P&P’s plan was greeted with circumspection in some quarters, their critics suggesting they were whooping it up on a tax-payer-funded lark in Canada while our boys were dying valiantly etc etc etc, but when ‘49th Parallel’ opened the response was almost unanimously positive; it was, again to quote Christie, “greeted as the first considerable fiction film of the war: good propaganda and good entertainment”.
And it’s certainly entertaining. The structure – six vignettes in which Hirth’s crew progress (or devolve, since their numbers are gradually whittled down) through Canada – accounts for a brevity of mise-en-scene that paces the two-hour film faster than most movies of the time. The star names acquit themselves generally well. Olivier chews the scenery like a starving man who’s just been seated in a restaurant and reassured that he doesn’t have to worry about the bill. Howard is lumbered with the most literal bit of proselytising in Pressburger’s otherwise well-crafted script, but his affable charisma sells it. Raymond Massey, rubbery faced and having a whale of a time, steals his last-minute section.
But it’s the actors playing the Germans – and it’s worth pausing to reflect on the quirkiness of a British propaganda film made released in 1941 boasting six Nazi u-boat survivors as its protagonists – who take the honours. Particularly Eric Portman, appearing in the first of three films for P&P. Eric Portman in ‘49th Parallel’ is simply magnificent. A Yorkshireman by birth, you’d swear the man was a Prussian aristocrat. His portrayal of Hirth lays the groundwork for Paul Scofield’s von Waldheim in Frankenheimer’s ‘The Train’, Maximillan von Schell’s Stransky in Peckinpah’s ‘Cross of Iron’ and Christoph Waltz’s Hans Landa in Tarantino’s ‘Inglourious Basterds’.

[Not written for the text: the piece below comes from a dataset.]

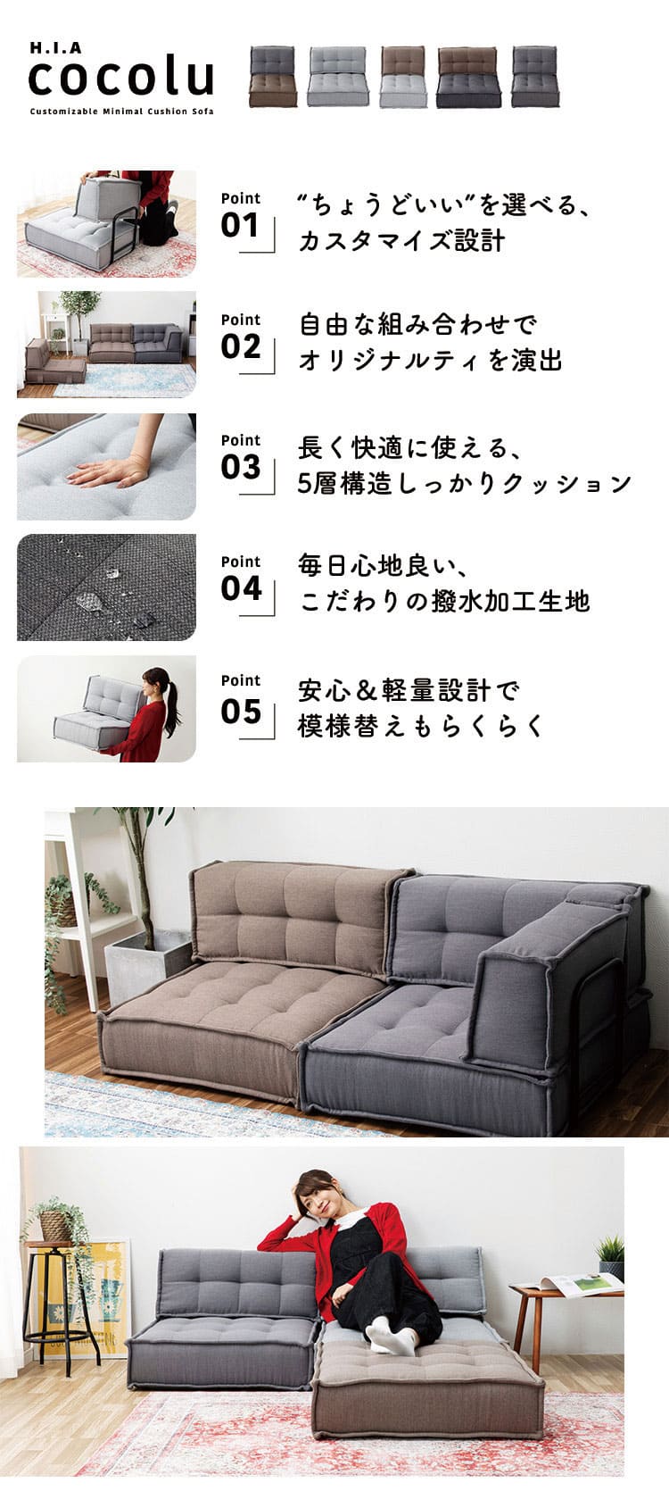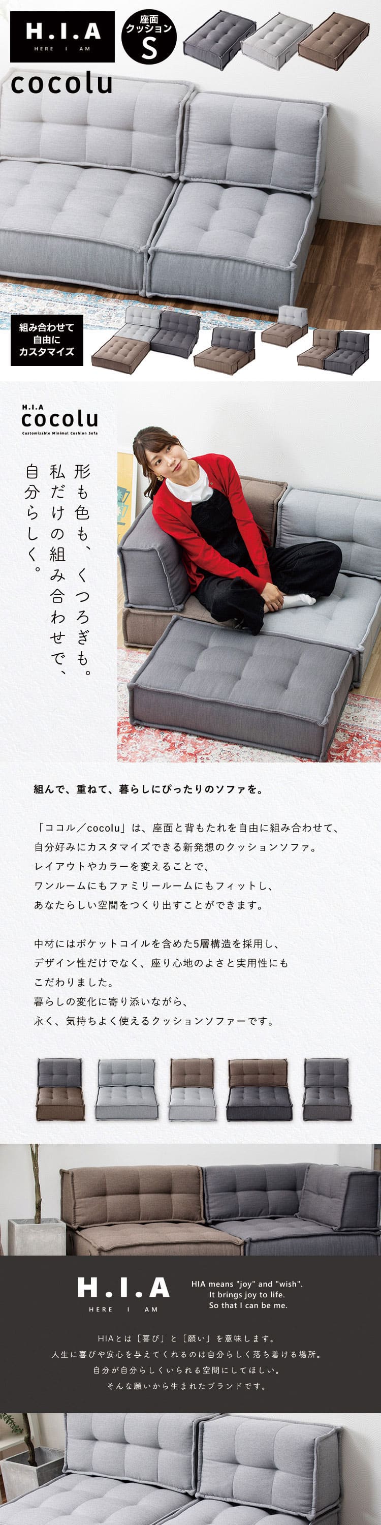 HIA カスタマイズできるミニマルクッションソファ- 座面 Sサイズ フロアクッション フロアソファー 組み合わせ自由 コンパクト 低反発 ローソファー 代引不可

Daringly, P&P also incorporate the idea of the “good German”, an archetype they would revisit in the character of Theo Kretschmar-Schuldorff (played by Anton Walbrook) in ‘The Life and Death of Colonel Blimp’. I won’t give anything away, but there’s an almost unbearably poignant scene, ending in a moment as chillingly inevitable as the outcome of Landa’s interrogation at the start of ‘Inglourious Basterds’, in which one of the group reveals himself as an honest and decent working man, a man of no political affiliations, a conscript purely because he was drafted, who comes close to embracing a new and gentler life in a foreign place … before the full force of brainwashed, unblinkered, hate-fuelled, jack-booted Nazi doctrine comes crashing down on him. It’s this scene that gives ‘49th Parallel’ its power, that imbues rhetoric with humanitarianism. It’s in this scene that P&P – as they would succeed in doing so many times during those first eight films – take the basest motivation for film-making (propagandism) and turn it into art.
2 comments:
Great Write Up. I really need to see this one.
Its one of those annoying films that I'm aware of, want to see and yet haven't yet made the time for it. Still I intend to see everything that Powell And Pressburger where even tangentially involved with so I suppose I'll have to get off my ass on this one soon.
Definitely one to catch up with. In the pantheon of Powell & Pressburger's war years output, I'd choose this over, say, 'One of Our Aircraft is Missing', 'The Spy in Black' or 'Contraband'.
Even if it's not quite on par with 'A Matter of Life and Death', 'The Life and Death of Colonel Blimp' or 'I Know Where I'm Going!' - works of genius all - it comes pretty damn close.